4. POSTOPERATIVE OUTCOMES
4.1. Short‐term (in‐hospital) mortality
This study did not include any cases of periprocedural mortality (within 24 hours after surgery). A total of six patients (all female) died during their stay in the hospital, of which four within 30 days after surgery. Three out of four of these patients were treated for breast cancer in the past. All short‐term mortalities were cardiovascular related. Detailed information about the in‐hospital deaths can be found in Table 4.
Table 4.
Age, y | Sex | Euroscore II | MRT to surgery, y | NYHA | Surgical procedure | ECC time, min | Cross‐clamp time, min | Interval surgery‐death, d | Indication for rethoracotomy | Cause of death | Autopsy findings |
---|---|---|---|---|---|---|---|---|---|---|---|
82 | F | 3.60 | 23 | 3 | AVR | N/A | N/A | 4 | Hemothorax | Refractory shock | Diffuse myocardial damage and early hepatic necrosis |
82 | F | 2.97 | ⋯ | 2 | CABG + AVR | 237 | 135 | 2 | ⋯ | MOF after DC postinfarction after graft failure | ⋯ |
66 | F | 6.59 | 33 | 3 | CABG,AVR,MVR | 286 | 169 | 38 | Hemorrhage | MOF after LVF and RVF | ⋯ |
69 | F | 6.64 | 20 | 2 | AVR | 87 | 45 | 9 | ⋯ | MOF after Sepsis + forward and backward failure | ⋯ |
67 | F | 9.49 | 2 | 3 | ASD closure, PAPVC rerouting, TVP, MVP | 174 | 92 | 41 | Post‐CPR + signs of Mediastinitis | MOF with signs of systemic infection | Recent left ventricular infarction, lung edema, chronic DC, paravalvular dehiscention |
64 | F | 5.31 | 10 | 2 | ASD/VSD closure, MVR, TVP | 205 | 94 | 8 | First LVAD placement | MOF after cardiac and distributive shock | Generalized edema, signs of (sub)acute DC, toxic myocardial damage |
Second Hematoma |
Abbreviations: ASD, atrial septum defect; AVR, aortic valve replacement; CABG, coronary artery bypass graft surgery; CPR, cardiopulmonary resuscitation; DC, cardiac decompensation; ECC, extracorporal circulation time; F, female; LVAD, left ventricular assist device; LVF, left ventricle failure; min, minutes; MOF, multiorgan failure; MRT, mediastinal radiotherapy; MVP, mitral valve plasty; MVR, mitral valve replacement; N/A, not applicable; NYHA, New York Heart Association; PAPVC, partial anomalous pulmonary venous connection; RVF, right ventricle failure; TVP, tricuspid valve plasty; VSD, ventricular septum defect.

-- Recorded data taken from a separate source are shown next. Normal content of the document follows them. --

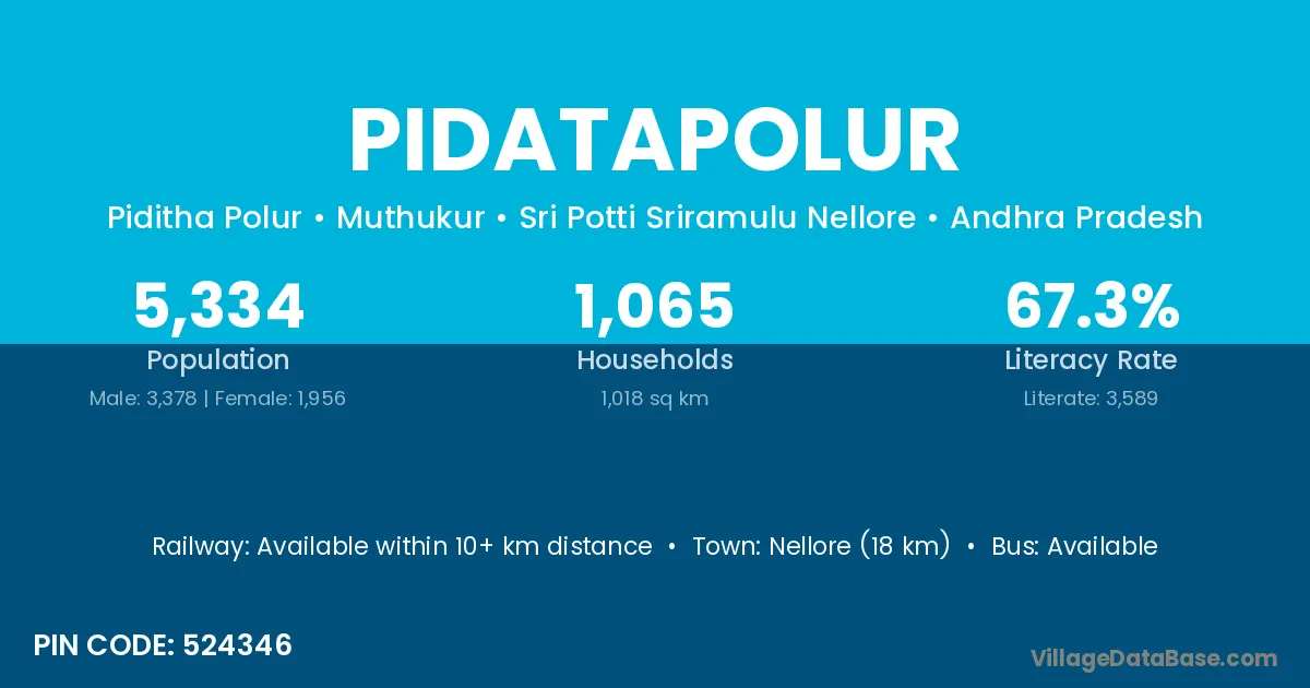 Nellore (18 km) is the nearest town to Pidatapolur village for major economic activities and is located approximately 18 km away.
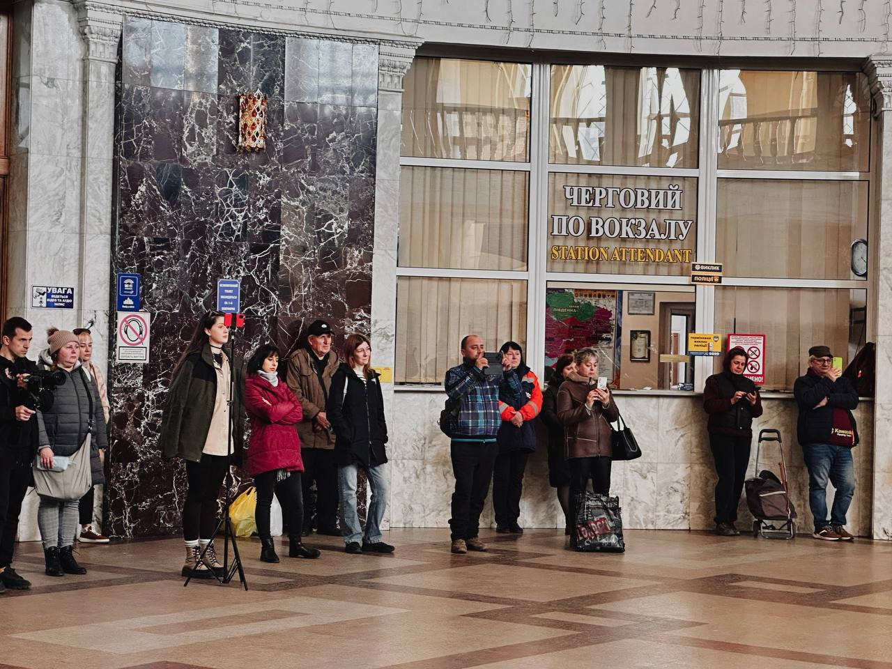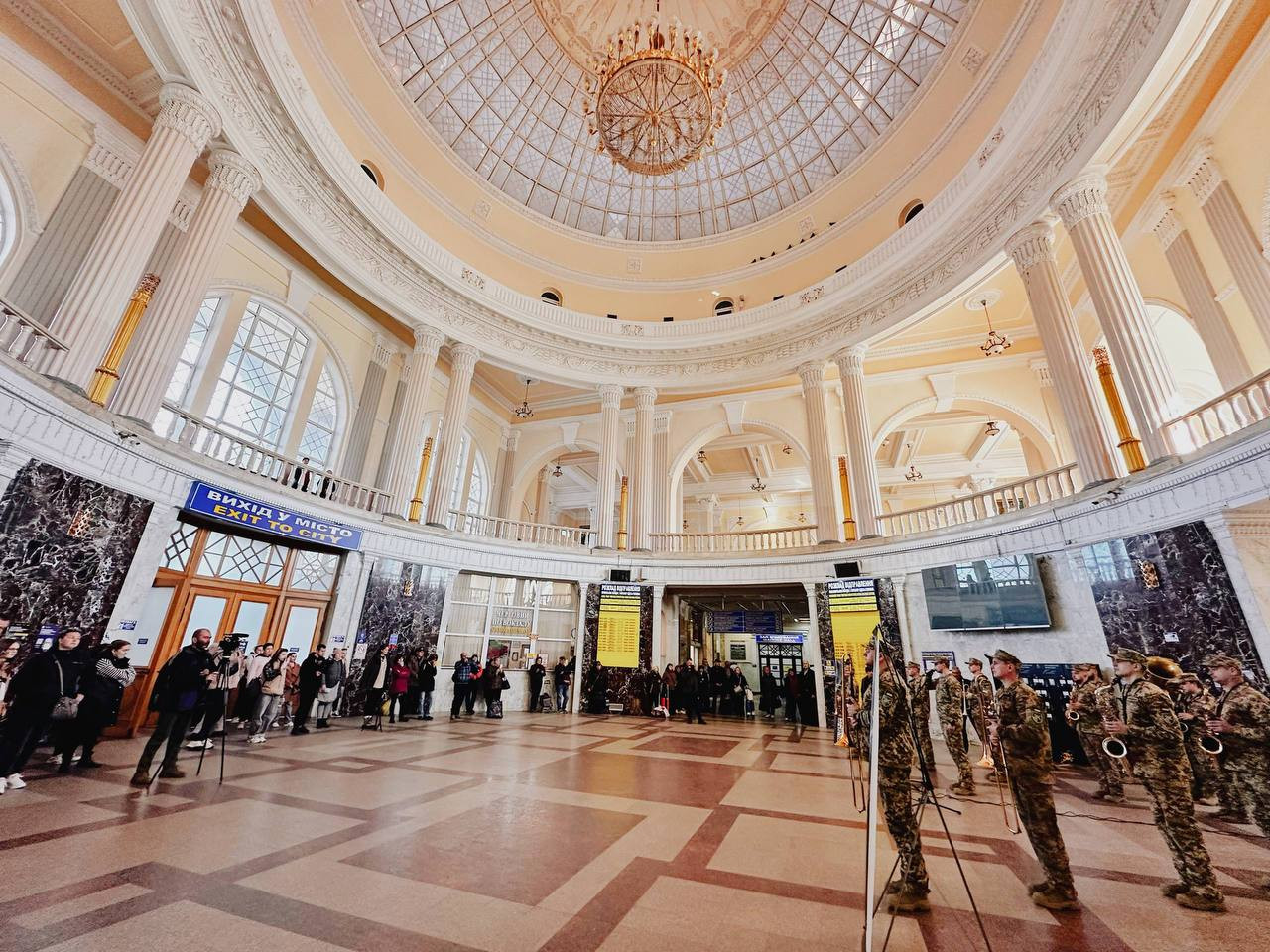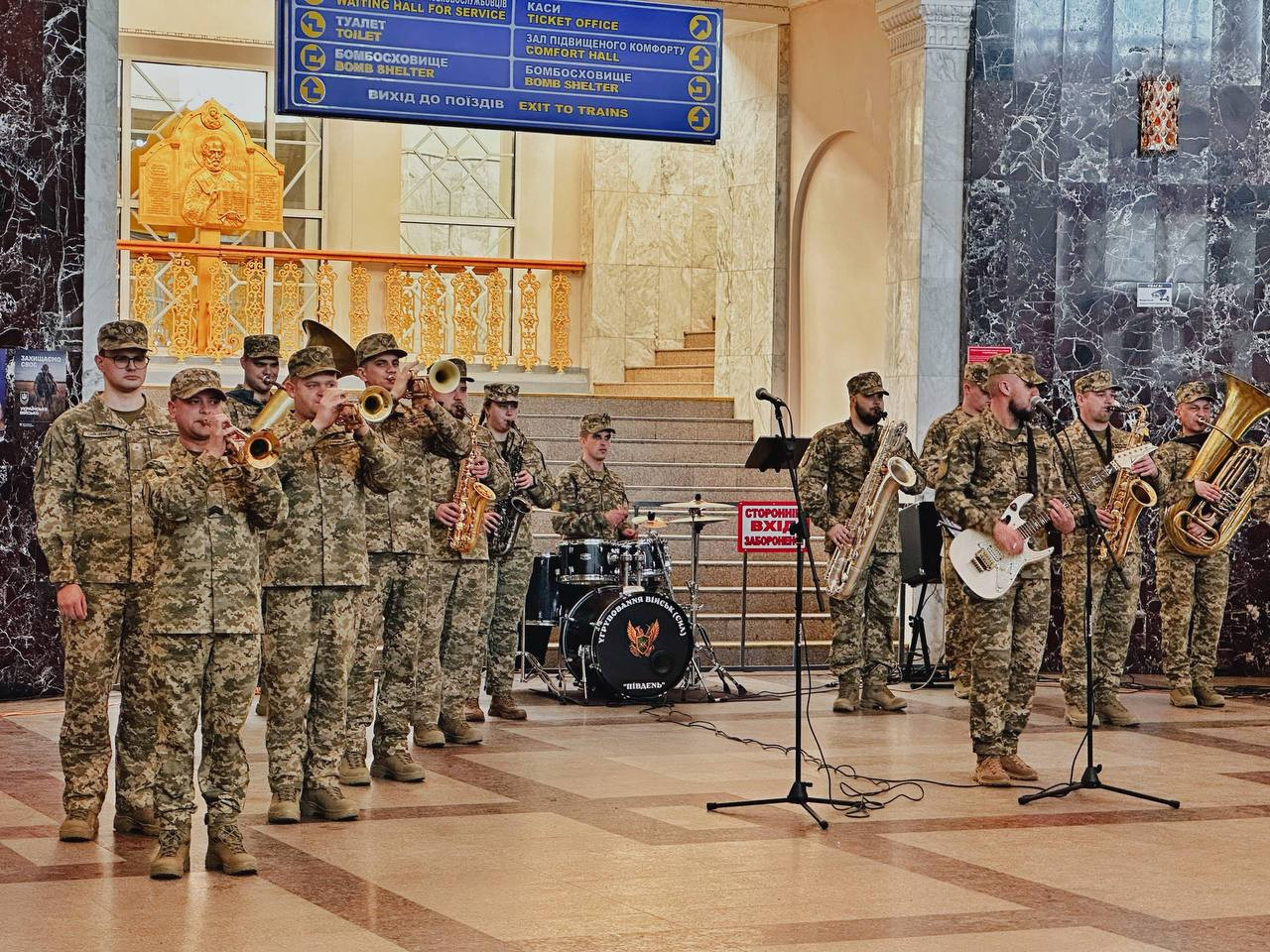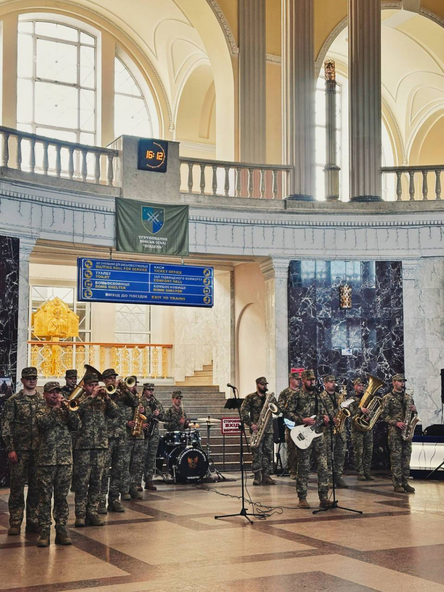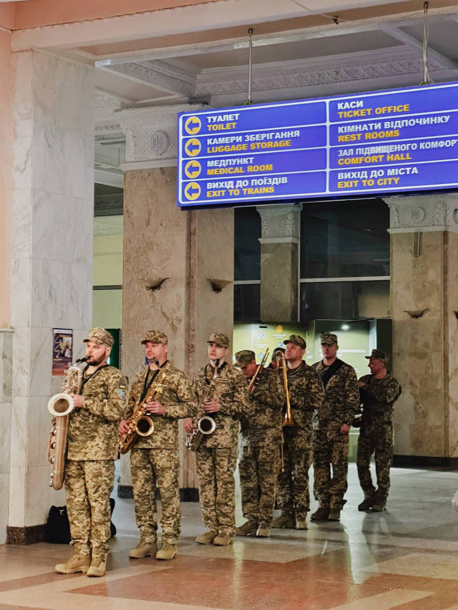 Военные музыканты исполнили программу из украинских и мировых композиций в современном аранжировании. Выступление собрало пассажиров «Укрзализныци» и жителей города.
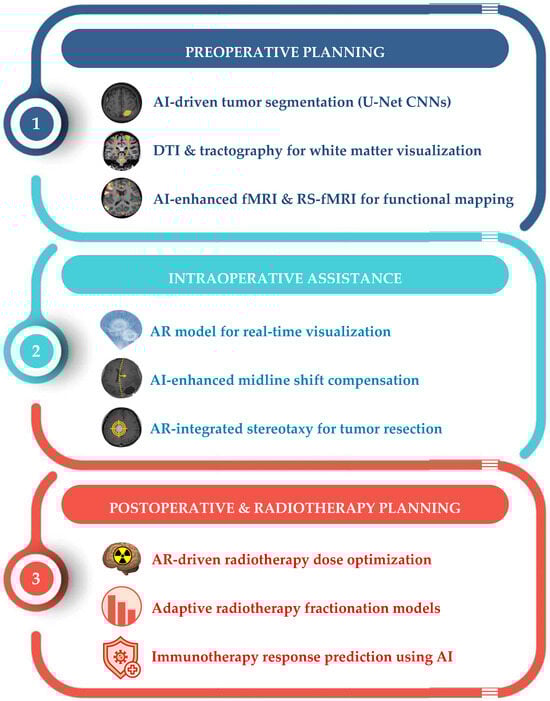 Linear flowchart summarizing how AI integrates different imaging and treatment modalities for preoperative planning, intraoperative guidance, and postoperative and radiotherapy planning in BMs. AI = artificial intelligence; AR = augmented reality; CNNs = convolutional neural networks; DTI = diffusion tensor imaging; fMRI = functional magnetic resonance imaging; RS-fMRI = resting-state functional magnetic resonance tomography.
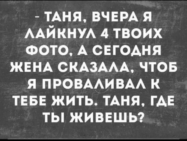 Сборник позитивных картинок и мемов для хорошего настроения в пятницу Запостил: Viking,15-11-2024, 00:00вЮмор / Золото Прикольная подборка картинок и мемов для вашего хорошего настроения и заряда бодрости в самый ожидаемый день рабочей недели! картинки с надписями, МЕМЫ, подборка приколов Нравится 62 Не нравится 10 Комментарии (0) Добавить комментарий Прокомментировать Введите два слова с картинки: Отправить
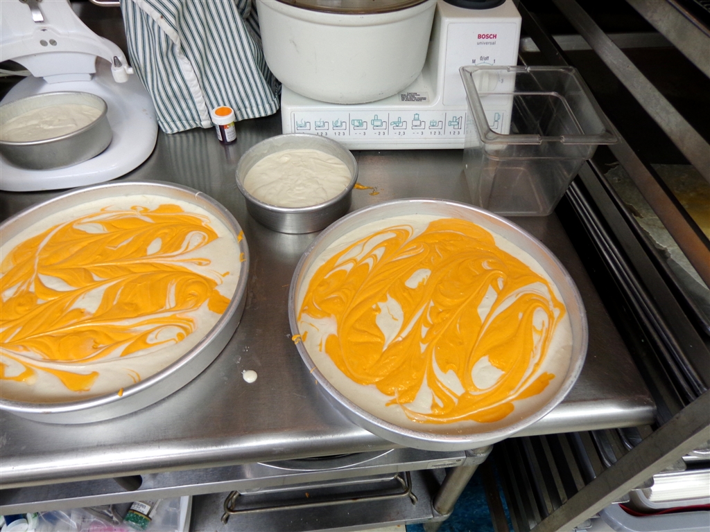 The bottom layer was our yummy Sour Cream White. I decided it needed marbled with “Consuming Fire” flames. The other layers were Chocolatetown Special and I just had to use Orange in honor of all the Gomer love.
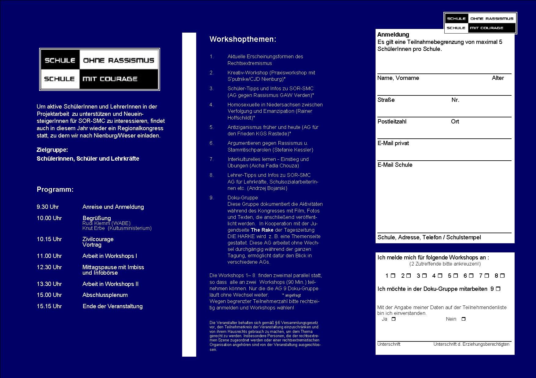 Am 16.3.2010 findet in Nienburg im Kulturwerk ab 10 Uhr der Regionalkongress Schule Ohne Rassismus / Schule Mit Courage statt.[mehr]
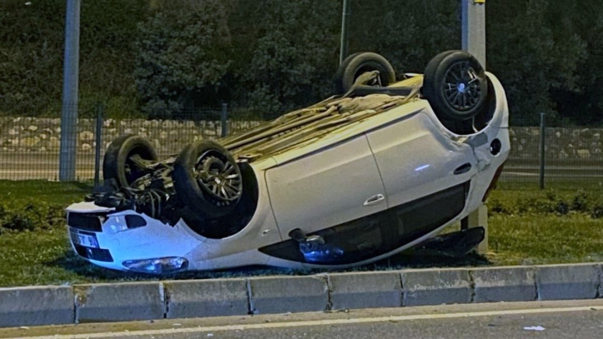 Bursa'nın Mudanya ilçesi Güzelyalı Kavşağı'nda İ.F.T. idaresindeki 16 JLS 90 plakalı Fiat Punto marka otomobil, sürücünün direksiyon hakimiyetini kaybetmesiyle orta refüje çarpıp takla attıktan sonra aydınlatma direğine çarparak durabildi.
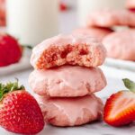 Delight in these Strawberry Sheet Cake Cookies, combining the moist texture of cake with the convenience of a cookie. These soft, sweet treats feature a luscious strawberry glaze on top, perfect for a fun dessert or snack.

4.2. Long‐term (postdischarge) mortality
The mean follow‐up period was 53 months (range, 1‐103 months), resulting in 261 patient years of follow‐up. The follow‐up was less than 12 months in only seven patients, because all of them died within 12 months after surgery (including the six cases of in‐hospital death). An additional number of 10 patients (16.9%) died during follow‐up (Figure 1). Median interval between surgery and death of these patients was 42.5 months (IQR, 12.5‐61.3). Two of these patients died shortly after surgery (at 1 and 2 months). One patient died of a suspected mediastinitis and endocarditis. The cause of death of the other patient was not clarified.
Of the remaining eight patients, six died because of a malignancy, one because of a cardiac cause, and one due to an unknown cause. The patient who died as a consequence of a cardiac problem suffered from right ventricular failure after a complicated subtotal pericardiectomy, which was planned because of an underlying constrictive pericarditis, 27 months after the primary surgery.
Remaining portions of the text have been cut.